**DIRECTIONS FOR THIS TASK:** Word for word, print out all of the data, omitting every image.

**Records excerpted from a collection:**
################

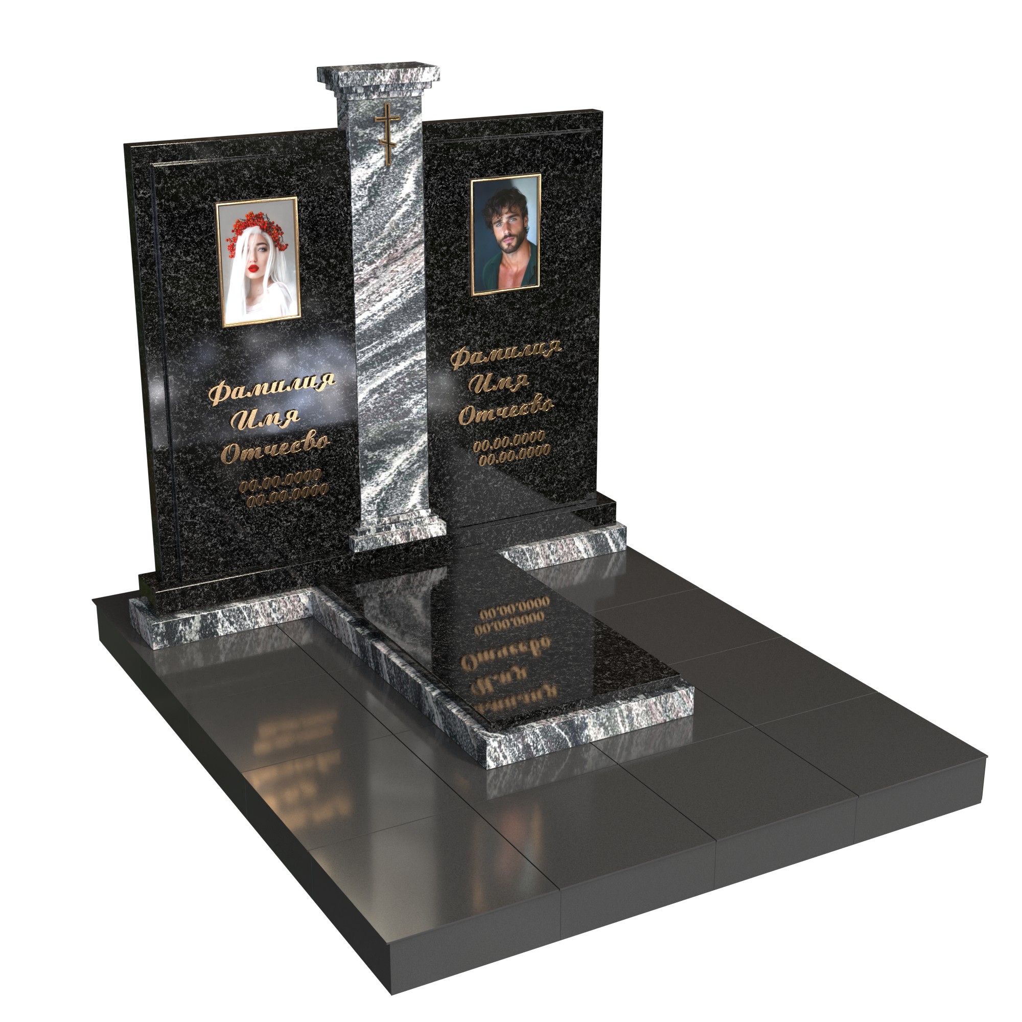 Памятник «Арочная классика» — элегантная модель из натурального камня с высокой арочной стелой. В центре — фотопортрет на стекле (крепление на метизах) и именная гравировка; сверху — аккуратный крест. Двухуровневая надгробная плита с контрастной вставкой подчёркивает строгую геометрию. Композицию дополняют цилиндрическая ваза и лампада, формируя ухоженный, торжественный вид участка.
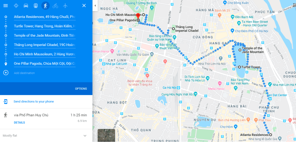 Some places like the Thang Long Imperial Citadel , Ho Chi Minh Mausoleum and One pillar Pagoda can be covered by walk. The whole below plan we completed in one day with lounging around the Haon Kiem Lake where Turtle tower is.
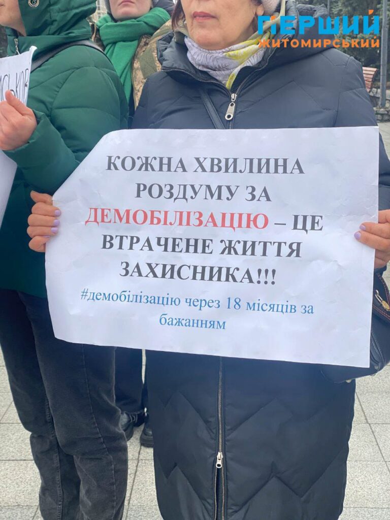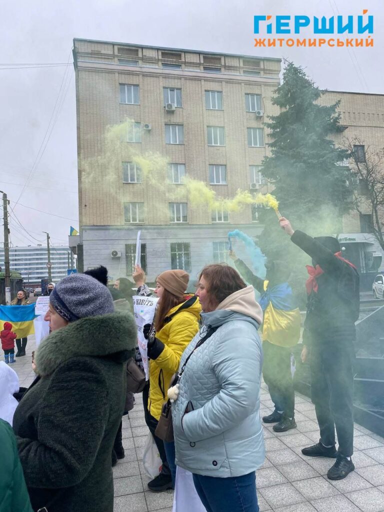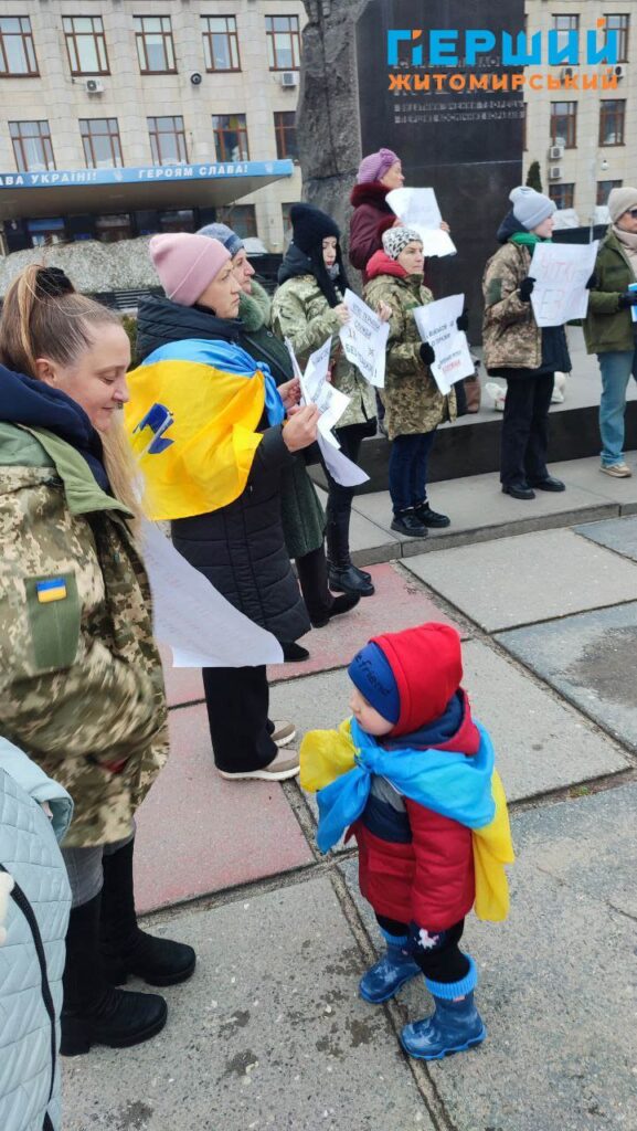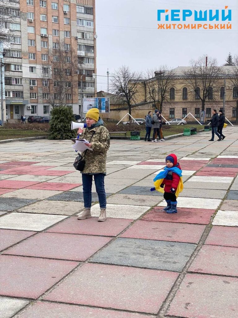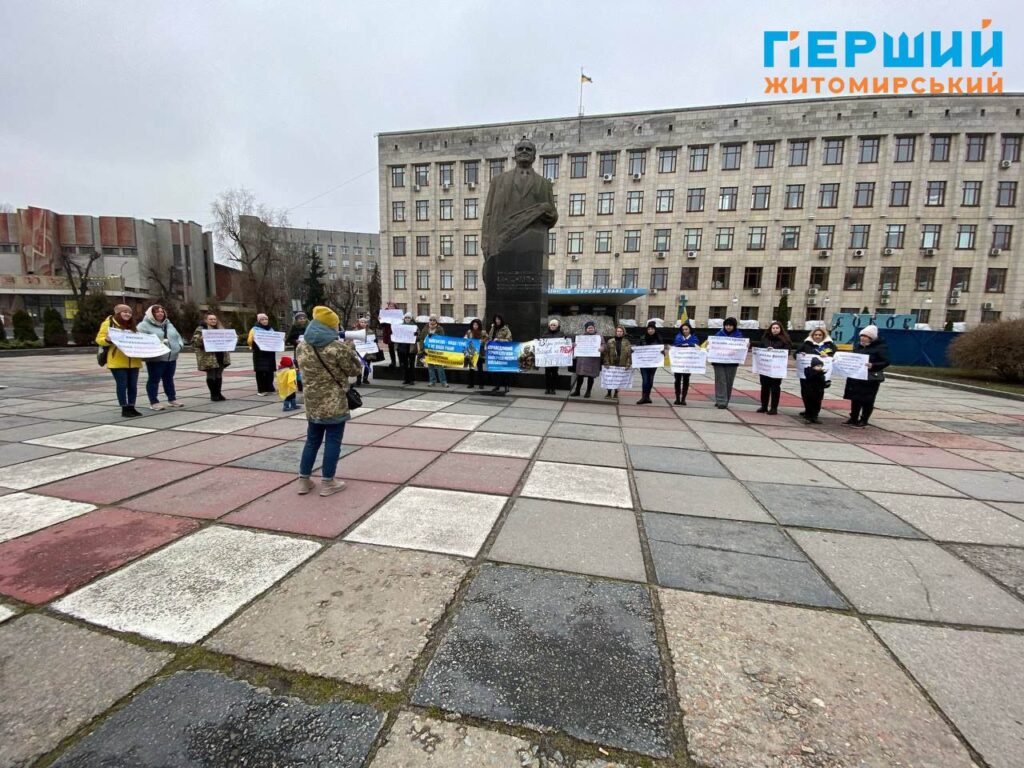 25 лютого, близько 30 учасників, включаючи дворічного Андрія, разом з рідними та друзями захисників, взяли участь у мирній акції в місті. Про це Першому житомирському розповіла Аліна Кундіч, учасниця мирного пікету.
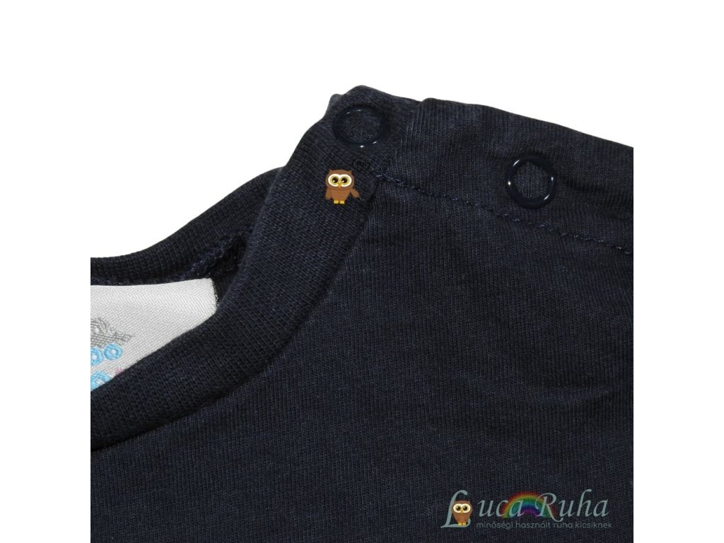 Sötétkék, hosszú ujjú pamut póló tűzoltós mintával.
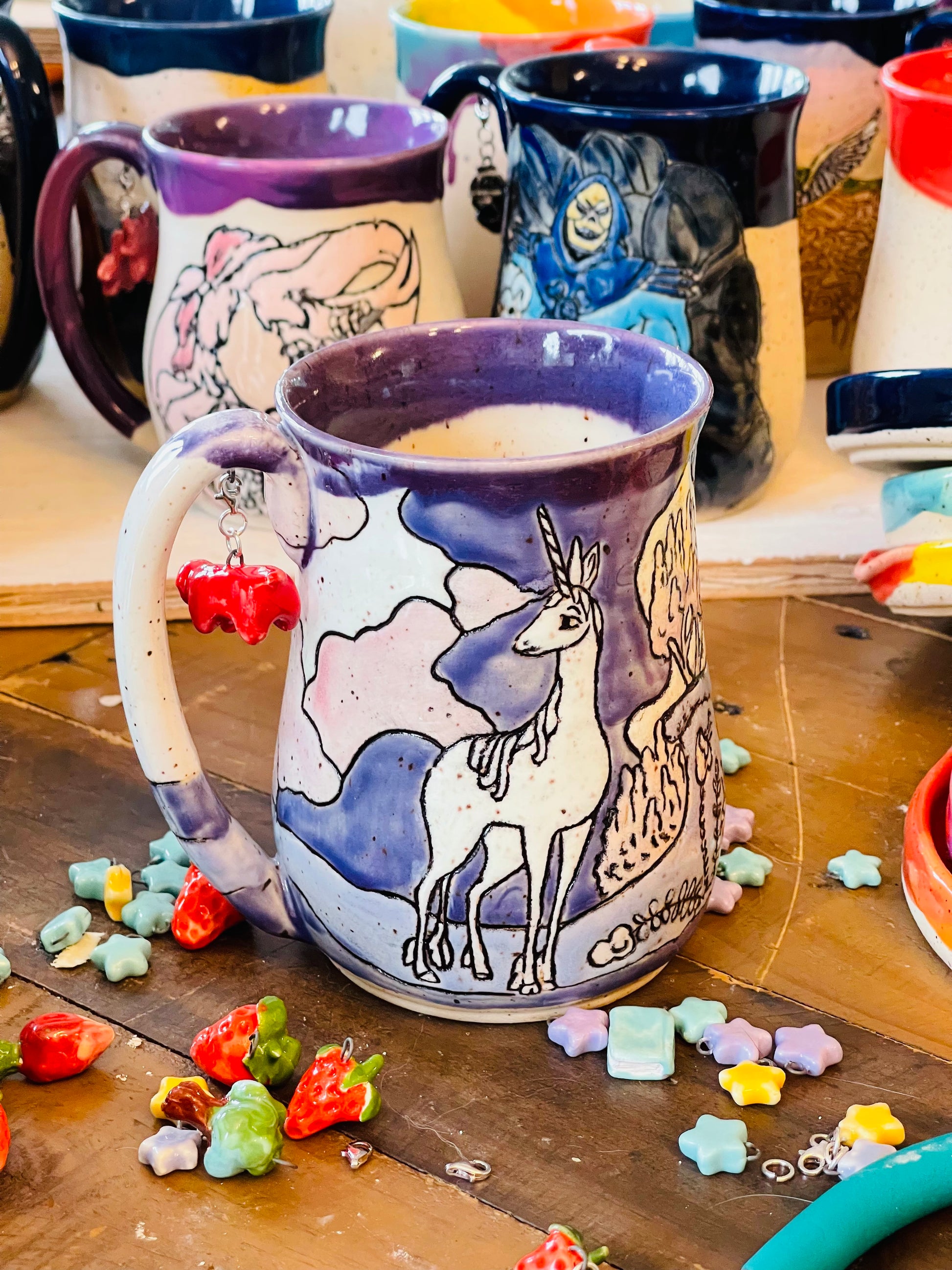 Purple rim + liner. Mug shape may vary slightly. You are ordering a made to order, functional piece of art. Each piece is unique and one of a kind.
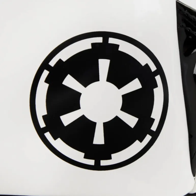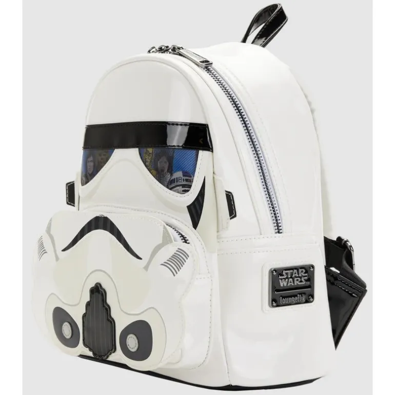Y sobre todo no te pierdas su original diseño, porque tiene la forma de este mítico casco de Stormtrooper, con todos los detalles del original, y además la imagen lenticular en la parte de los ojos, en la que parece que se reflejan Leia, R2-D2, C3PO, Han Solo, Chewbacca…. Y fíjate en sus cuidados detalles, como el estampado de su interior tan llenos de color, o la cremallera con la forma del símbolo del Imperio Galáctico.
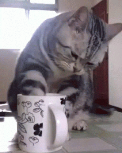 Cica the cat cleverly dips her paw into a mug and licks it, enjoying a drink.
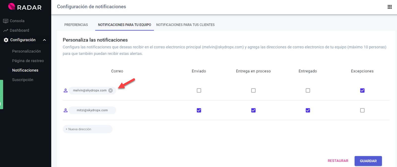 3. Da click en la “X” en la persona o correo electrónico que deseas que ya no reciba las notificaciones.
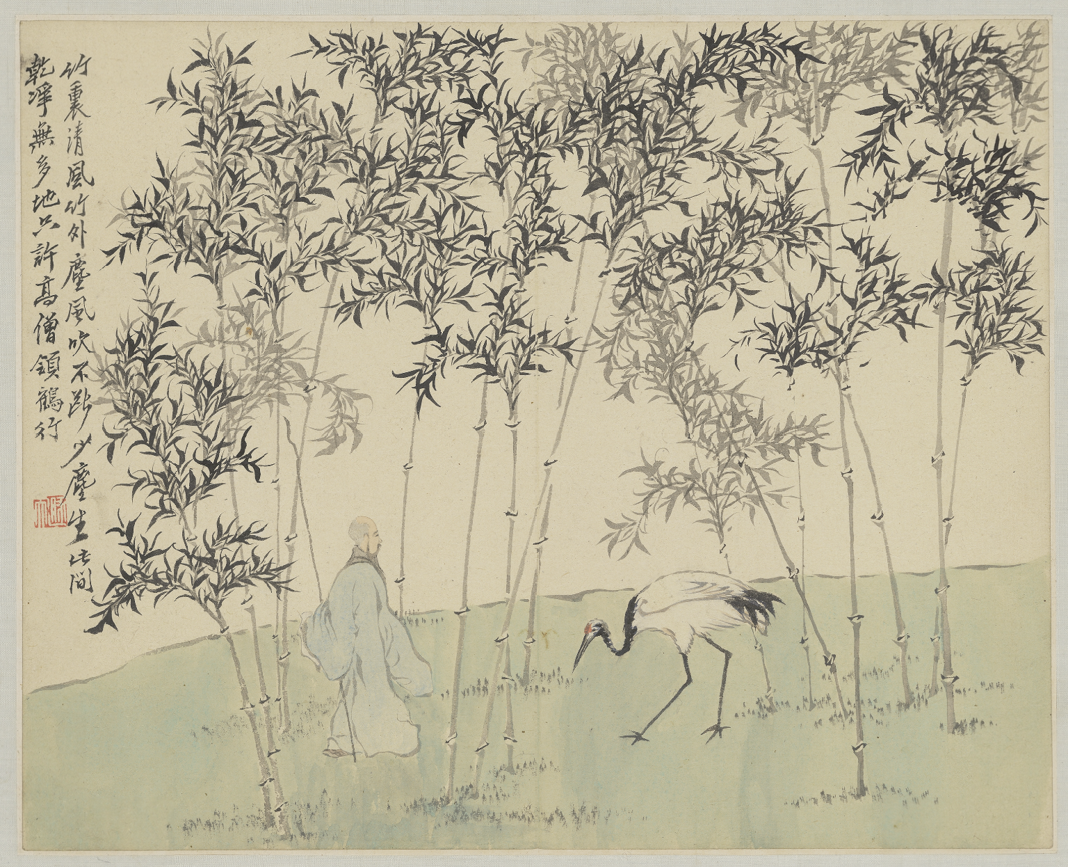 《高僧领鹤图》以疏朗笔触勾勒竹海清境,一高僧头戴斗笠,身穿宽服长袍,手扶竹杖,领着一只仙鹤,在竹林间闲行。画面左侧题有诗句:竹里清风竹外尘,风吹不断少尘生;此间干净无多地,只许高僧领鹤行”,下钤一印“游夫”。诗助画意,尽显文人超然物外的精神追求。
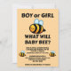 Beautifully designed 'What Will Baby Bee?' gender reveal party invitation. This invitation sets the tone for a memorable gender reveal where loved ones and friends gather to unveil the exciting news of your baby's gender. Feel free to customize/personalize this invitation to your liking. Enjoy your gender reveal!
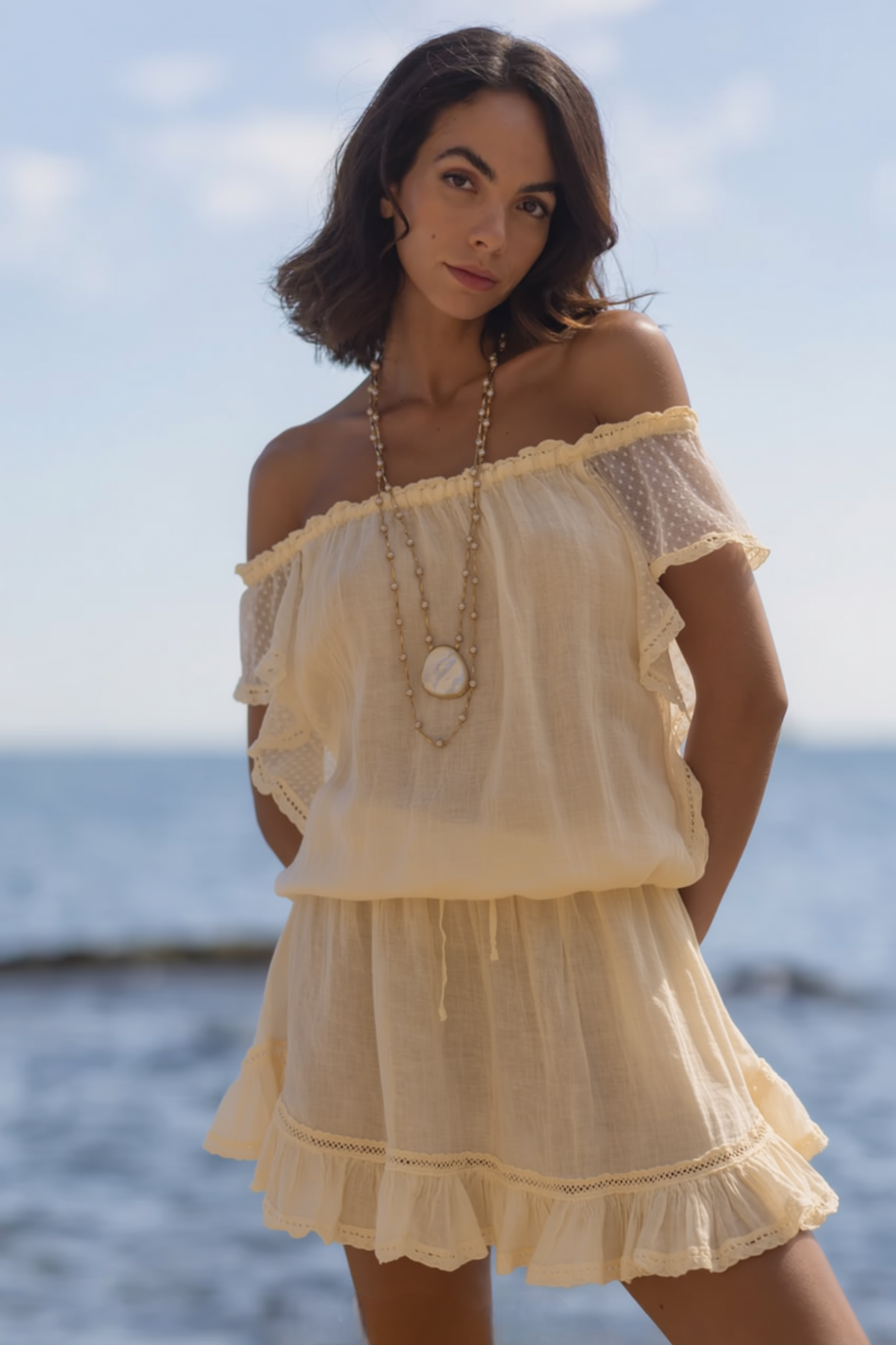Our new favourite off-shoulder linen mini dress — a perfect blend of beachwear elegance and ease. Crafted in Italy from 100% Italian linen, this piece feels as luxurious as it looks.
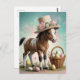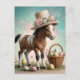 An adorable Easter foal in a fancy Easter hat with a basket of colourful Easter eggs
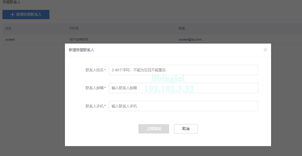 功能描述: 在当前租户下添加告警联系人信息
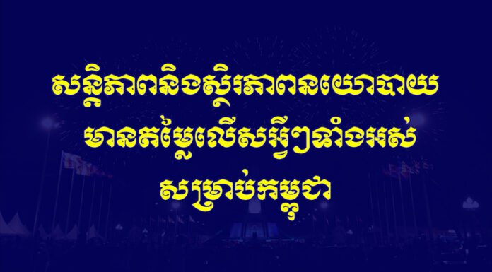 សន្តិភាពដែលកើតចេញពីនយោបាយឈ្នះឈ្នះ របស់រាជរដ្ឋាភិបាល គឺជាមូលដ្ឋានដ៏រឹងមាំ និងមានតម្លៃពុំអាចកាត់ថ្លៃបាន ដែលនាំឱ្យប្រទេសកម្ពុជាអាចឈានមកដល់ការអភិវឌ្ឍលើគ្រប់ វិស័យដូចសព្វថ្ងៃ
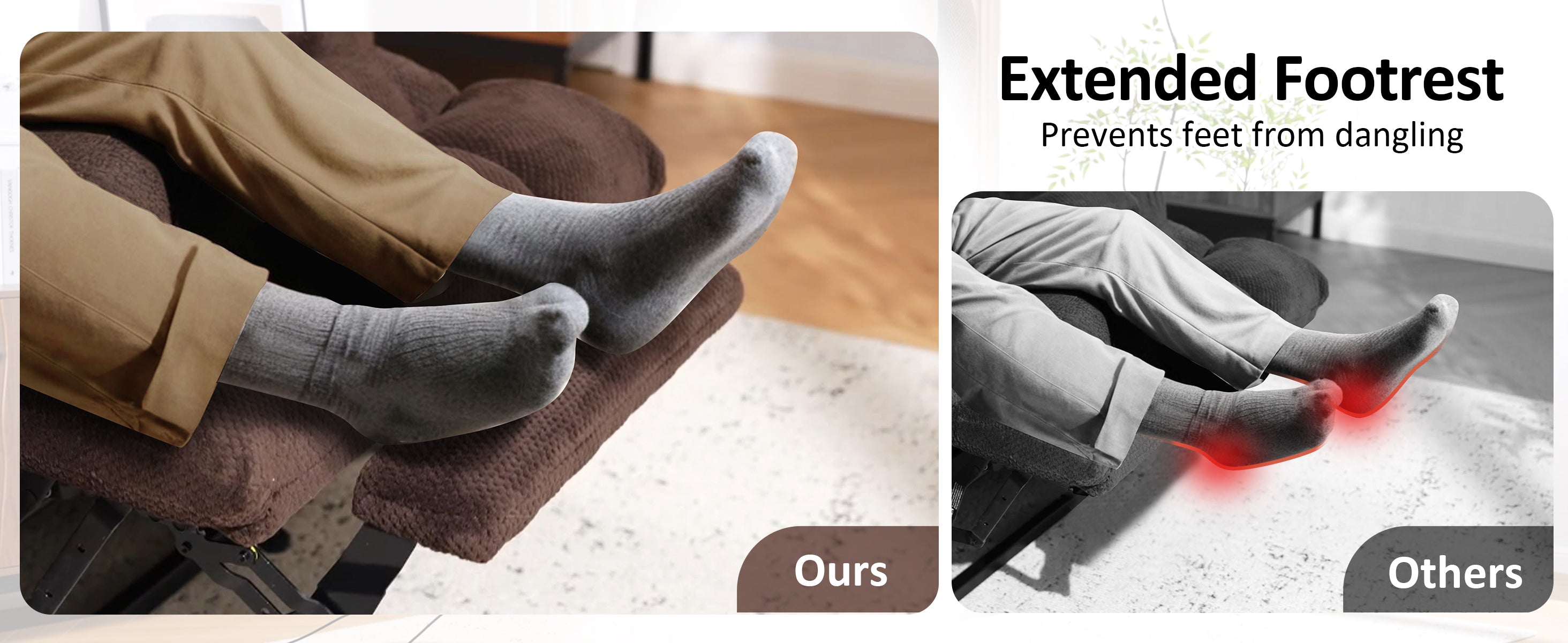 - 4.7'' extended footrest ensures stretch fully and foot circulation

################

**RESPONSE BOX:**
 Памятник «Арочная классика» — элегантная модель из натурального камня с высокой арочной стелой. В центре — фотопортрет на стекле (крепление на метизах) и именная гравировка; сверху — аккуратный крест. Двухуровневая надгробная плита с контрастной вставкой подчёркивает строгую геометрию. Композицию дополняют цилиндрическая ваза и лампада, формируя ухоженный, торжественный вид участка.
 Some places like the Thang Long Imperial Citadel , Ho Chi Minh Mausoleum and One pillar Pagoda can be covered by walk. The whole below plan we completed in one day with lounging around the Haon Kiem Lake where Turtle tower is.
 25 лютого, близько 30 учасників, включаючи дворічного Андрія, разом з рідними та друзями захисників, взяли участь у мирній акції в місті. Про це Першому житомирському розповіла Аліна Кундіч, учасниця мирного пікету.
 Sötétkék, hosszú ujjú pamut póló tűzoltós mintával.
 Purple rim + liner. Mug shape may vary slightly. You are ordering a made to order, functional piece of art. Each piece is unique and one of a kind.
Y sobre todo no te pierdas su original diseño, porque tiene la forma de este mítico casco de Stormtrooper, con todos los detalles del original, y además la imagen lenticular en la parte de los ojos, en la que parece que se reflejan Leia, R2-D2, C3PO, Han Solo, Chewbacca…. Y fíjate en sus cuidados detalles, como el estampado de su interior tan llenos de color, o la cremallera con la forma del símbolo del Imperio Galáctico.
 Cica the cat cleverly dips her paw into a mug and licks it, enjoying a drink.
 3. Da click en la “X” en la persona o correo electrónico que deseas que ya no reciba las notificaciones.
 《高僧领鹤图》以疏朗笔触勾勒竹海清境,一高僧头戴斗笠,身穿宽服长袍,手扶竹杖,领着一只仙鹤,在竹林间闲行。画面左侧题有诗句:竹里清风竹外尘,风吹不断少尘生;此间干净无多地,只许高僧领鹤行”,下钤一印“游夫”。诗助画意,尽显文人超然物外的精神追求。
 Beautifully designed 'What Will Baby Bee?' gender reveal party invitation. This invitation sets the tone for a memorable gender reveal where loved ones and friends gather to unveil the exciting news of your baby's gender. Feel free to customize/personalize this invitation to your liking. Enjoy your gender reveal!
Our new favourite off-shoulder linen mini dress — a perfect blend of beachwear elegance and ease. Crafted in Italy from 100% Italian linen, this piece feels as luxurious as it looks.
 An adorable Easter foal in a fancy Easter hat with a basket of colourful Easter eggs
 功能描述: 在当前租户下添加告警联系人信息
 សន្តិភាពដែលកើតចេញពីនយោបាយឈ្នះឈ្នះ របស់រាជរដ្ឋាភិបាល គឺជាមូលដ្ឋានដ៏រឹងមាំ និងមានតម្លៃពុំអាចកាត់ថ្លៃបាន ដែលនាំឱ្យប្រទេសកម្ពុជាអាចឈានមកដល់ការអភិវឌ្ឍលើគ្រប់ វិស័យដូចសព្វថ្ងៃ
 - 4.7'' extended footrest ensures stretch fully and foot circulation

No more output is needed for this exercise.